15 May 2019

Winston Peters blames Fonterra's 'bad decisions' for Tip Top sale

9:10 am on 15 May 2019

Acting Prime Minister Winston Peters has called the sale of ice cream company Tip Top a "sad day" for New Zealand, laying the blame squarely on past management at Fonterra.

Winston Peters

Winston Peters is acting Prime Minister while Jacinda Ardern hosts a summit in Paris Photo: Ana Tovey / RNZ

Dairy collective Fonterra, New Zealand's largest company, is selling ice cream company Tip Top for $380 million to the British-based ice cream company Froneri.

Mr Peters has criticised the sale, and told Morning Report it was against country's national interest for the company to be sold to overseas buyers. He pinned the blame specifically on past governments and Fonterra's former management.

"One of the reasons why this is happening is because of the disastrous investment in BeingMate which came at hundreds of hundreds of millions of dollars of lost opportunity cost, in effect, to Fonterra.

"I'm just saying that surely we understand now, with greater clarity, the mistaken approach of the prior administrations and ... dare I say it in this case, Fonterra. I'm not blaming the present management but I am blaming the past management where people were paid massive salaries whilst the company was being imperilled."

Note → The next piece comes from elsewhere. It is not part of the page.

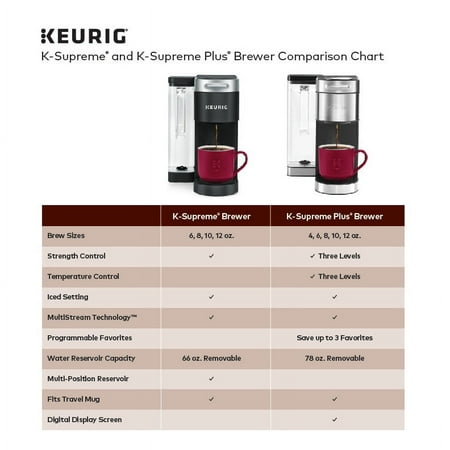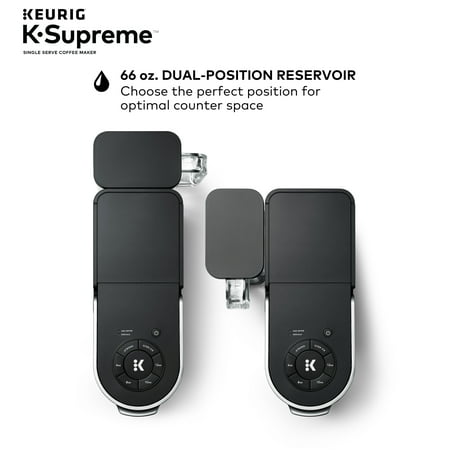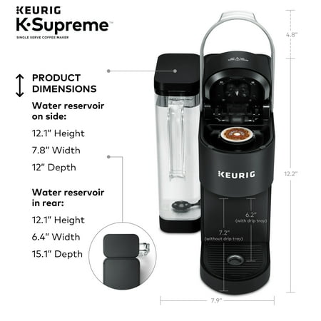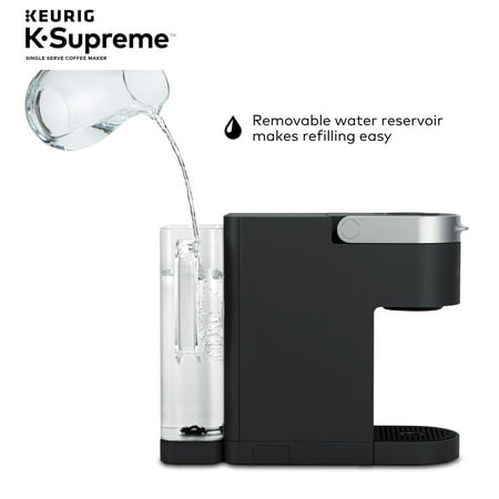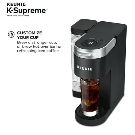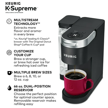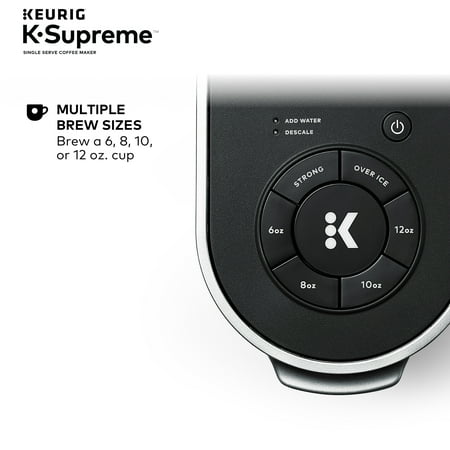 Elevate your everyday coffee experience to delicious new heights with the Keurig K-Supreme Single Serve coffee maker in Black. The K-Supreme coffee maker is the first series of Keurig brewer to feature MultiStream Technology, an innovative new way to more evenly saturate the coffee grounds* in every K-Cup pod. This technique extracts full flavor and aroma from your K-Cup pod, so you can enjoy an exceptionally flavorful experience every time you brew.Looking to customize your perfect cup? Use the Strong button for a stronger, more intense coffee taste or brew hot over ice for a refreshingly delicious iced coffee. No matter what you prefer, you can enjoy 6, 8, 10, or 12 oz. of your favorite coffee, tea, cocoa, and more – all freshly brewed in minutes. The K-Supreme coffee maker is travel mug-friendly, and the stylish 66 oz. dual-position reservoir makes it easy to refill and easy to find the perfect spot on your countertop.Choose from hundreds of delicious varieties of K-Cup pods or brew your own ground coffee with the My K-Cup Universal Reusable Coffee Filter (sold separately).*vs. Keurig leading K-Classic brewer

However, he said the government would not be looking at legislation to specifically stop sales like that of Tip Top.

"We can't intervene like that, but here's the rub: we are trying to add value to our products to afford the wealth and employment of New Zealanders and when these things happen we need to look at why they happen and ask ourselves 'how did we get to the situation where in 2001 Fonterra bought that operation, Tip Top, and now in 2019 because of some serious mismanagement mistakes and bad decisions we're selling it to the advantage of another economy and not ours."

"Fonterra is not a government-owned company but we are making it very clear that if you want a supportive environment around New Zealand businesses and New Zealand entities then there are certain principles that should be followed.

"I railed about it and said we need to have a dramatic change in our economic approach. We had a sort of superficial commentary from lots of people who now want to know what the answers are and the first thing we need to know was that the sale was taking place. If a government is not told about this type of thing then we're left with the aftermath and the circumstances of a fait accompli."

He argued the government's research and development tax credits would help New Zealand businesses transition from simple commodities to higher-technology and value-added products.

"The first thing we did about it was to massively increase the research and development funding from government to business in New Zealand. The second thing we're gonna do about it is ensure we focus wherever we possibly can on added value, and the third thing we will not do is just ignore the mistakes of the past and so believe that somehow these people who behaved in what I would call a mostly irresponsible way were somehow right."

However it was not clear how such an approach and awareness would prevent sales like that of Tip Top, or even investment in offshore companies like BeingMate which specialises in turning milk into baby formula, a value-added product.

Trade wars, steel tariffs and FTAs

Mr Peters was also questioned about the looming threat of trade war between the United States and China.

"It's always been concerning that for the threat of this approach when it comes to international trade because in the end there'll be a knock-on effect and it could very likely affect New Zealand adversely," he said.

"But, it's a situation that's controlled by the American voter or the American domestic market and we can't change that other than to say that we are concerned about its ramifications for us and countries like us.

He said progress was being made on reducing trade barriers with the US.

"We're working very seriously on two things, the steel and aluminium tariffs but secondly a free trade deal with the biggest economy in the world - namely, the United States.

"Vice President of the United States Mike Pence promised me to be working on it from that day forth and so we have expectations that we're taking the matter a whole lot further recently."

He said there was life in a US trade deal, and also pointed towards moves being made towards a trade deal with the EU.

"Yes there is, for the very reason that Trump laid out in his speech and was recited back to Vice President Pence and more importantly we went decades with no progress with respect to the EU and a fair trade deal and now it's a matter of serious progress as we speak.